- Born: 1943 (age 82–83)
- Occupation: Academic

Academic background
- Education: Bachelor in Law and Literature, PhD
- Alma mater: University of Dijon
- Thesis: L’urbanisme en Bourgogne à la fin de l’Ancien Régime (1973)

Academic work
- Discipline: Public law
- Institutions: Economic and Social Council of Burgundy
- Main interests: Law, literature, scouting
- Notable works: Histoire et témoignages des éclaireurs et éclaireuses de France à Dijon et en Bourgogne de 1914 à nos jours

= Pierre Bodineau =

French legal historian (1944)

Pierre Bodineau (born 1943) is a French academic in public law and politician, President of the Economic and Social Council of Burgundy, presided over Scoutisme Français from 1979 to 1982 and served as a member of the European Scout Committee.

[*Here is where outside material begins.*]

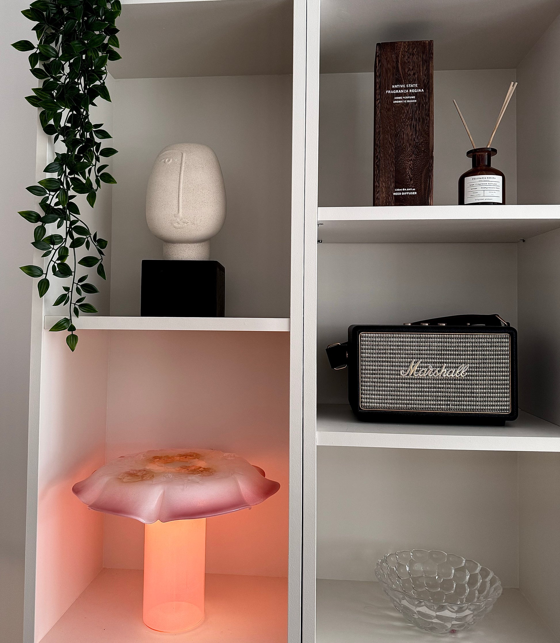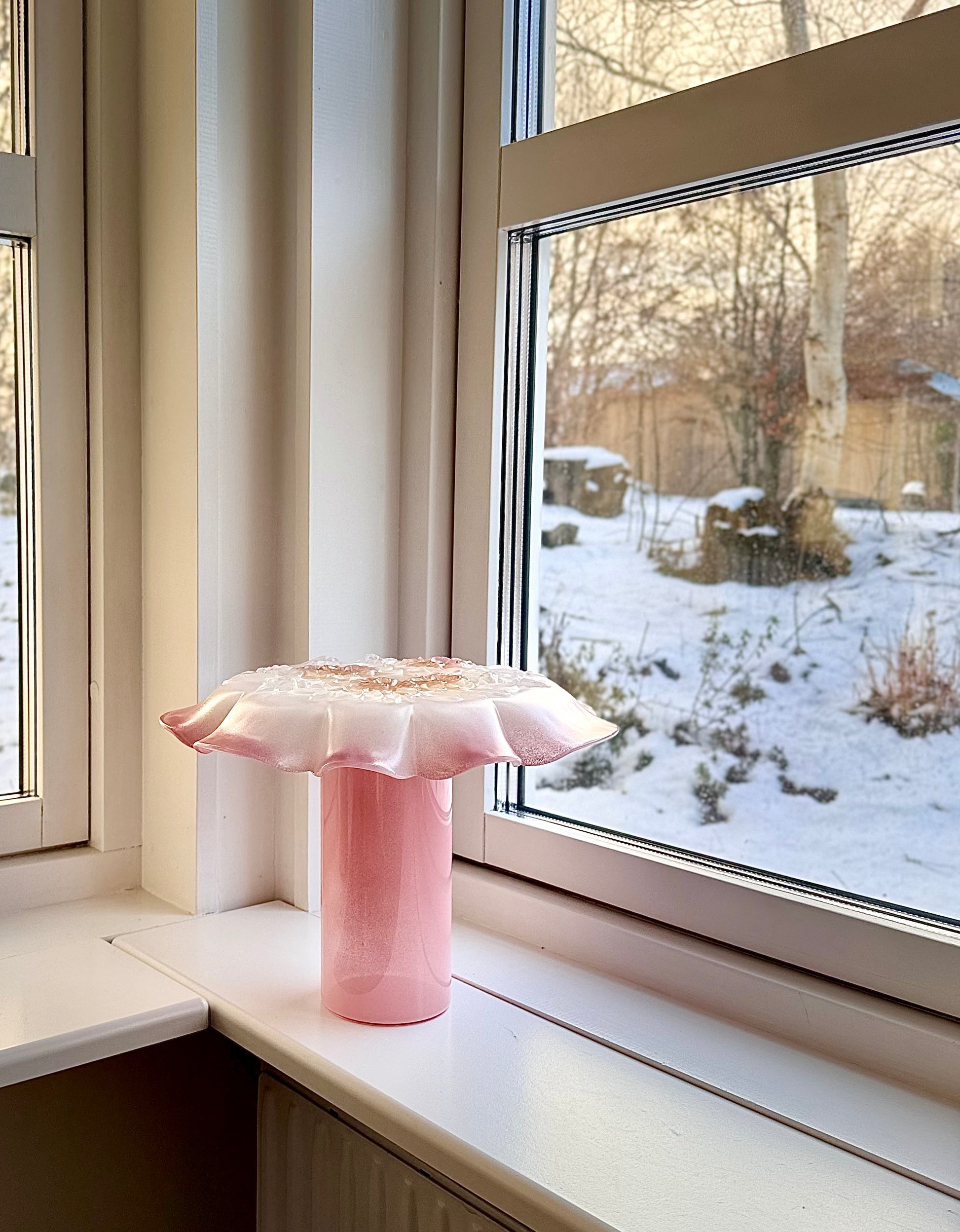 Vackra och somriga Pinky Flower tillhör kollektionen Recycle som innebär att glaset är återbrukat som BRILLIANT ART har givit färg och ett nytt "lysande" liv. Bordslampan ger ett behagligt och mysigt ljus framåt mörka kvällar, också en väldigt vacker dekoration i hemmet mitt på ljusa dagen. Eftersom lampan är sladdlös är den smidig att placera på olika platser i hemmet och dessutom perfekt för de platser som saknar eluttag. Pryd ditt hem med en personlig och unik lampa i bokhyllan, på fönsterbrädan, köksbordet eller sängbordet, låt fantasin flöda.

Bodineau was troop chief, regional commissioner of Éclaireuses et éclaireurs de France, and international delegate, especially involved in assisting the rebirth of Scouting in the countries of Eastern Europe and the former Soviet Union.

==Background==
Bodineau graduated from Lycée Carnot in 1961. He studied at the University of Dijon where he got his undergraduate degrees in law and literature. In 1973, he got his doctorate degree (Thesis titled: "L’urbanisme en Bourgogne à la fin de l’Ancien Régime"). Bodineau was an assistant professor at the University of Dijon's School of Law from 1967 to 1972.

In addition to professional works, he has directed and prefaced Histoire et témoignages des éclaireurs et éclaireuses de France à Dijon et en Bourgogne de 1914 à nos jours (History and testimonies of the Éclaireuses et éclaireurs de France in Dijon and Burgundy from 1914 to the present day), 2000.

In 1983, Bodineau was awarded the 159th Bronze Wolf, the only distinction of the World Organization of the Scout Movement, awarded by the World Scout Committee for exceptional services to world Scouting.

Bodineau co-founded Parteam, a law firm based in Nantes, with Sébastien Thouvenin.